Мастеровые в будние дни начинали работы в шесть-семь часов утра и кончали в десять вечера. В мастерской портного Воздвиженского работало пятьдесят человек. Женатые жили семьями в квартирах на дворе, а холостые с мальчиками-учениками ночевали в мастерских, спали на верстаках и на полу, без всяких постелей: подушка — полено в головах или свои штаны, если еще не пропиты.

К шести часам утра кипел ведерный самоварище, заблаговременно поставленный учениками, которые должны были встать раньше всех и уснуть после всех. У всякого своя кружка, а то просто какая-нибудь банка. Чай хозяйский, а хлеб и сахар свой, и то не у всех. В некоторых мастерских мальчикам чай полагался только два раза в год — на рождество и на пасху, по кружке:

– Чтоб не баловались!

После больших праздников, когда пили и похмелялись неделями, садились за работу почти голыми, сменив в трактире единственную рубашку на тряпку, чтобы только «стыд прикрыть», Кипяток в семь часов разливали по стаканам без блюдечек, ставили стаканы на каток, а рядом — огромный медный чайник с заваренным для колера цикорием. Кухарка (в мастерских ее звали «хозяйка») подавала по куску пиленого сахара на человека и нарезанный толстыми ломтями черный хлеб. Посуду убирали мальчики. За обедом тоже служили мальчики. И так было во всей Москве — и в больших мастерских, и у «грызиков».

Мастера бросали работу, частью усаживались, как работали, «ноги калачиком», на катке вокруг чашек, а кому не хватало места, располагались стоя вместе с мальчиками и по очереди черпали большими деревянными ложками щи.

Обедали не торопясь. «Хозяйка» несколько раз подливала щи, потом вываливала в чашку нарезанную кусочками говядину, и старший из мастеров стучал ложкой по краю чашки. Это в переводе на человеческую речь значило: «Таскай со всем». После этого тихо и степенно каждый брал в ложку по одному кусочку мяса, зная, что если захватит два кусочка, то от старшего по лбу ложкой влетит. Ели молча, ложку после каждого глотка клали на каток и снова, прожевав мясо и хлеб, черпали вторую.

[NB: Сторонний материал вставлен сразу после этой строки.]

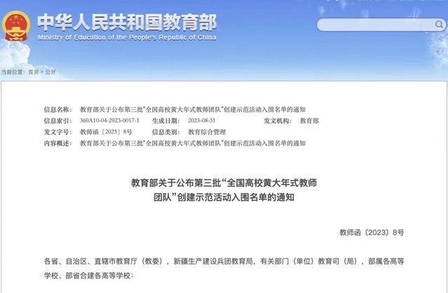 2023年9月1日,教育部公布第三批“全国高校黄大年式教师团队”创建示范活动入围名单,我院理论经济学教师团队成功入围。

За кашей, всегда гречневой, с топленым салом, а в постные дни с постным маслом, дело шло веселей: тут уже не зевай, а то ложкой едва возьмешь, она уже по дну чашки стучит. После обеда мальчики убирают посуду, вытирают каток, а портные садятся тотчас же за работу. Посидев за шитьем час, мастера, которым есть что надеть, идут в трактир пить чай и потом уже вместе с остальными пьют второй, хозяйский чай часов в шесть вечера и через полчаса опять сидят за работой до девяти. В девять ужин, точнее, повторение обеда.

«Грузиками» назывались владельцы маленьких заведений, в пять-шесть рабочих и нескольких же мальчиков с их даровым трудом. Здесь мальчикам было еще труднее: и воды принеси, и дров наколи, сбегай в лавку — то за хлебом, то за луком на копейку, то за солью, и целый день на посылках, да еще хозяйских ребят нянчи! Вставай раньше всех, ложись после всех.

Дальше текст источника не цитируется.